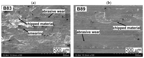 Surface morphology after sliding contact under technically dry friction: (a) B83 alloy and (b) B89 alloy; SEM.
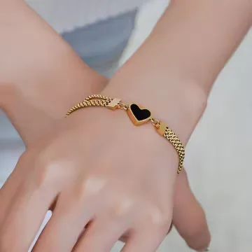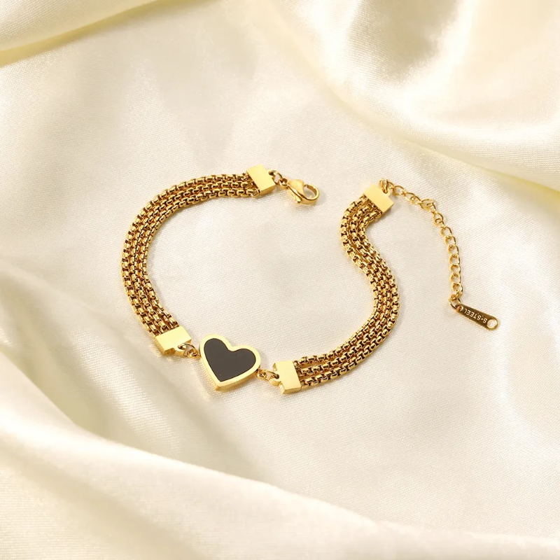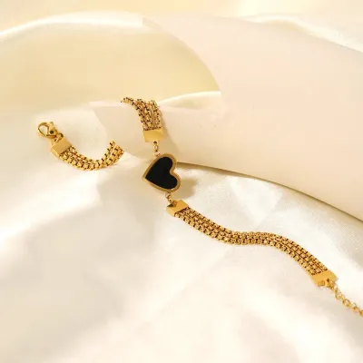 Romantic Three Chains Black White Heart Bracelet
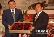 张新起与江丙坤互赠纪念品]]>
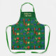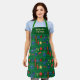 Traditional holiday apron where the deep red, rich blue, and shimmering gold and green retro Christmas ornaments create a mesmerising pattern.
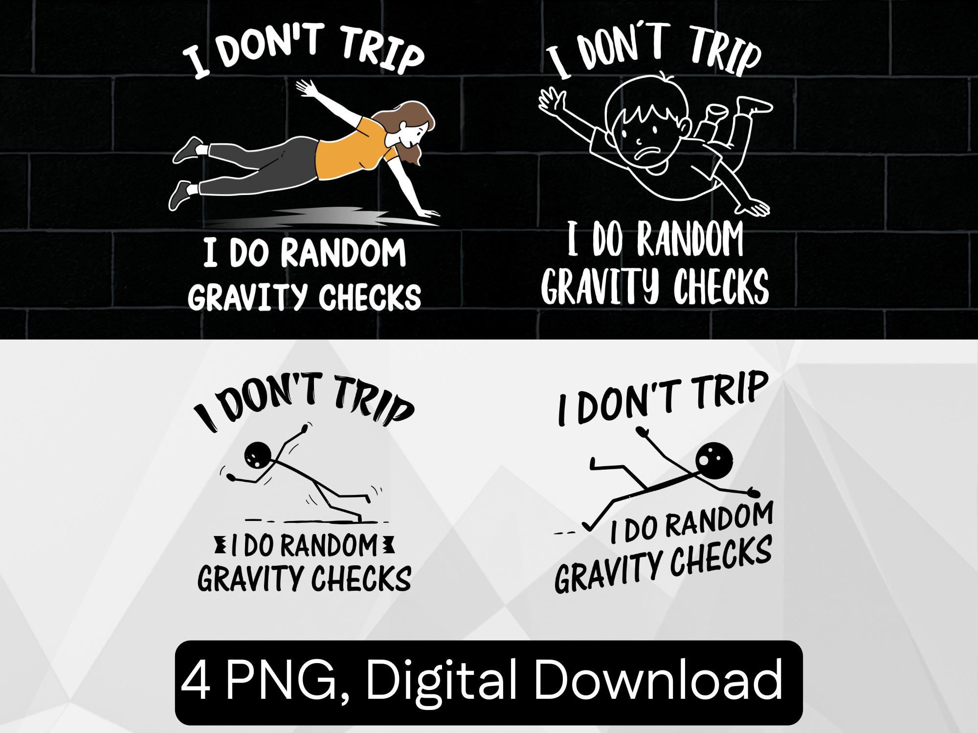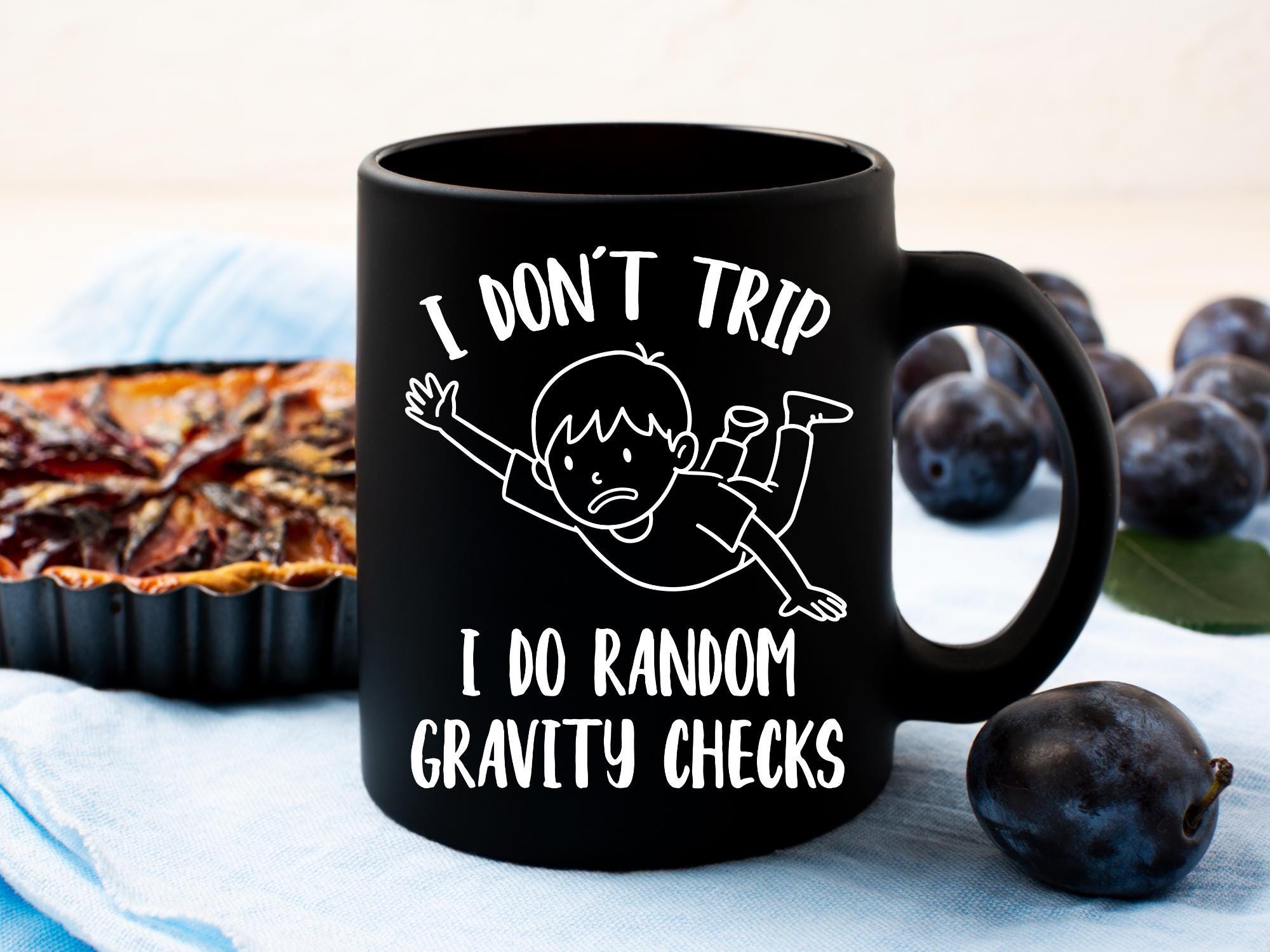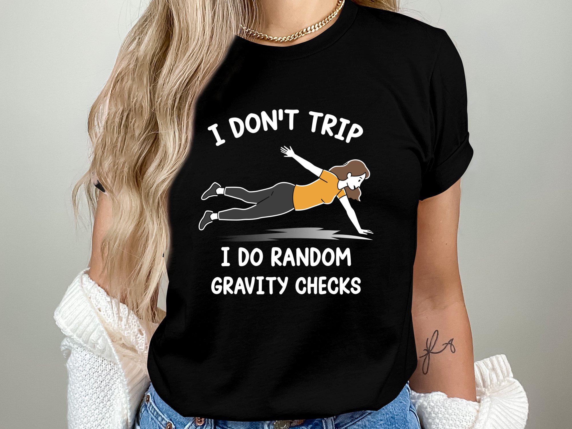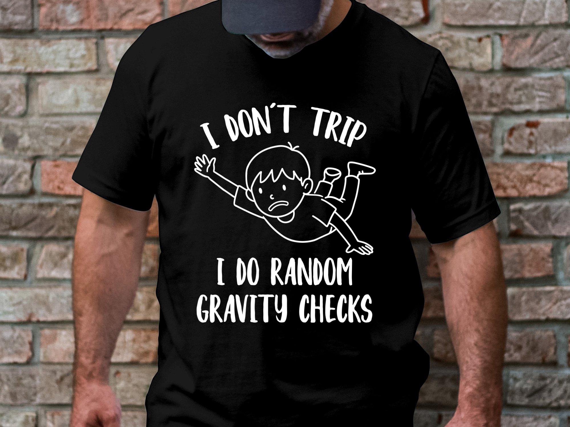 Cute funny kids cartoon illustration featuring the quote “I Don’t Trip I Do Random Gravity Checks”. Perfect for playful humor lovers, school themes, and lighthearted wall art or crafts.
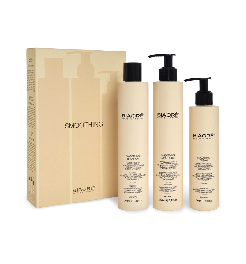 Набор ухода BIACRÈ SMOOTHING создан специально для укрощения пушистых, торчащих и непослушных волос, делая их гладкими, мягкими и естественно блестящими. Шампунь, кондиционер и разглаживающий крем для волос в составе набора работают в синергии: восстанавливают оптимальный уровень увлажнения волос, разглаживают волокна и помогают устранить повреждения, одновременно уменьшая пушистость. Органический экстракт граната, алоэ, экстракт зелёного чая, миндальное молочко, масла абрикоса и арганы, а также растительный кератин создают интенсивно питающий, увлажняющий и разглаживающий комплекс, который придаёт волосам здоровый вид и делает их более послушными. Набор идеально подходит для ежедневного использования, когда вы хотите добиться гладких, ухоженных и легко контролируемых волос.
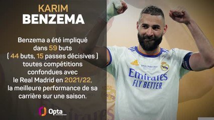 Deuxième Ballon d'Or français du Real Madrid, Karim Benzema ne doit son succès qu'à son équipe, souveraine en Ligue des champions pour la quatorzième fois de son histoire. Son impact lors de cette C1 a été exceptionnel.
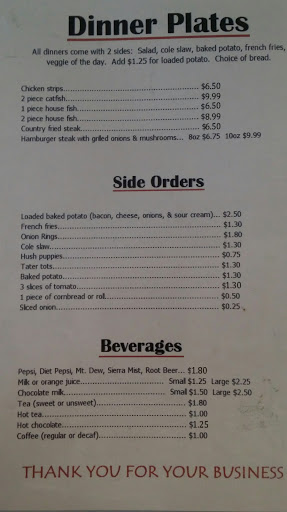 Good food, good portions. 2 eggs, 4 bacon strips, biscuit/gravy or toast $4.00, side of hash browns $1.50. Downfalls: noisy in the large dining area, no acoustics, gravy not hot (I believe it was plated before the food was cooked. Even though the parking area looked full at 9:00 AM, there were plenty of tables available for more patrons, plenty of space to sit at the counter. Left the restaurant with a full tummy and satisfied. Will be returning to eat there again. So far the best place to eat breakfast. 20 minutes outside of Cookeville.
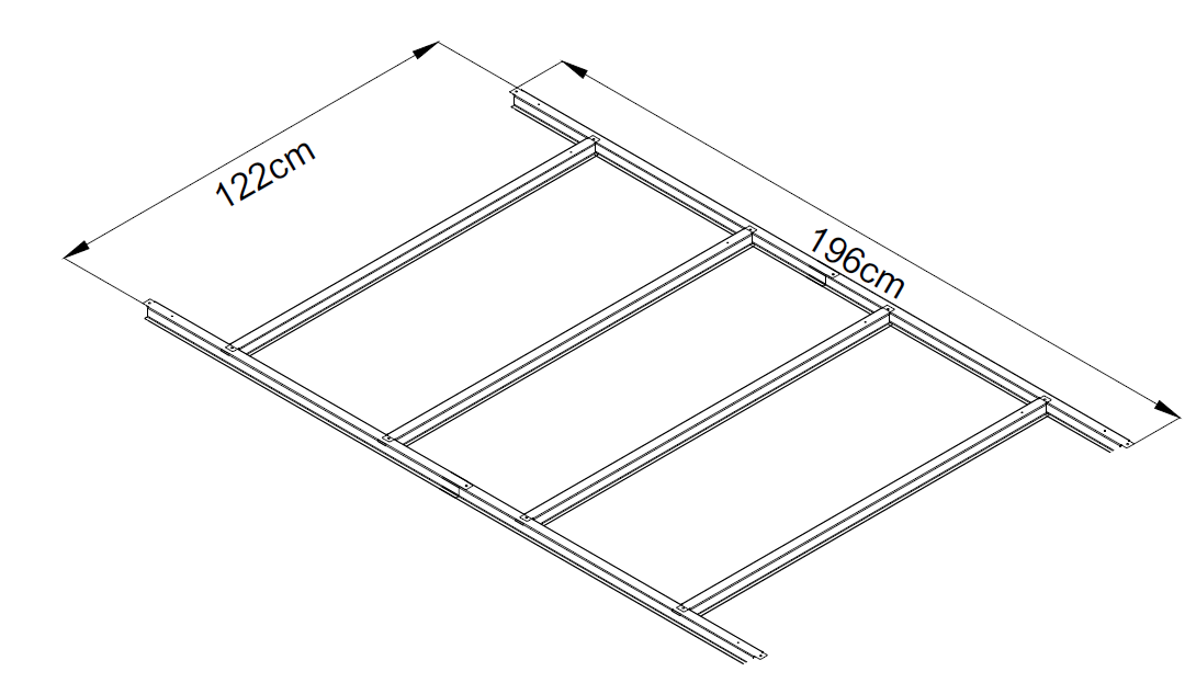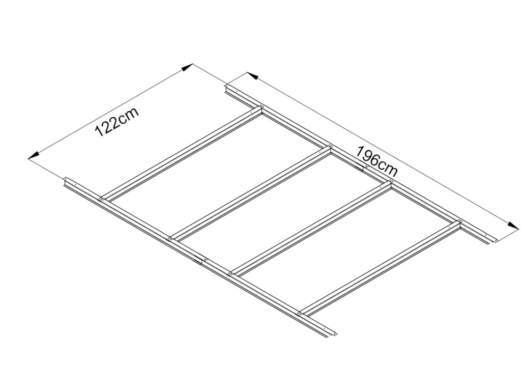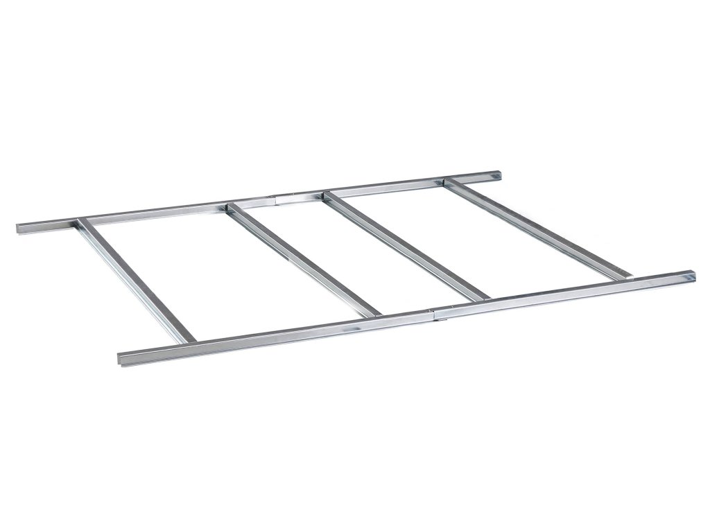 Pevná a stabilní konstrukceKvalitní kovová základna je navržena tak, aby poskytovala zahradnímu domku maximální oporu a stabilitu. Galvanizovaný ocelový rám o tloušťce 0,6 mm zajišťuje vysokou pevnost a odolnost vůči deformacím. Konstrukce pomáhá rovnoměrně rozložit hmotnost domku a přispívá k jeho dlouhodobé stabilitě. TIP: Pro ještě vyšší pevnost doporučujeme základnu doplnit o podlahu z OSB desek nebo dřevěných prken.
- - -
PROBLEM DETAILS → Lines from the start of the material through the line containing "Cute funny kids" are to be restated word for word; no picture may be included.

SOLUTION TO THE EXERCISE →
 Surface morphology after sliding contact under technically dry friction: (a) B83 alloy and (b) B89 alloy; SEM.
 Romantic Three Chains Black White Heart Bracelet
 张新起与江丙坤互赠纪念品]]>
 Traditional holiday apron where the deep red, rich blue, and shimmering gold and green retro Christmas ornaments create a mesmerising pattern.
 Cute funny kids cartoon illustration featuring the quote “I Don’t Trip I Do Random Gravity Checks”. Perfect for playful humor lovers, school themes, and lighthearted wall art or crafts.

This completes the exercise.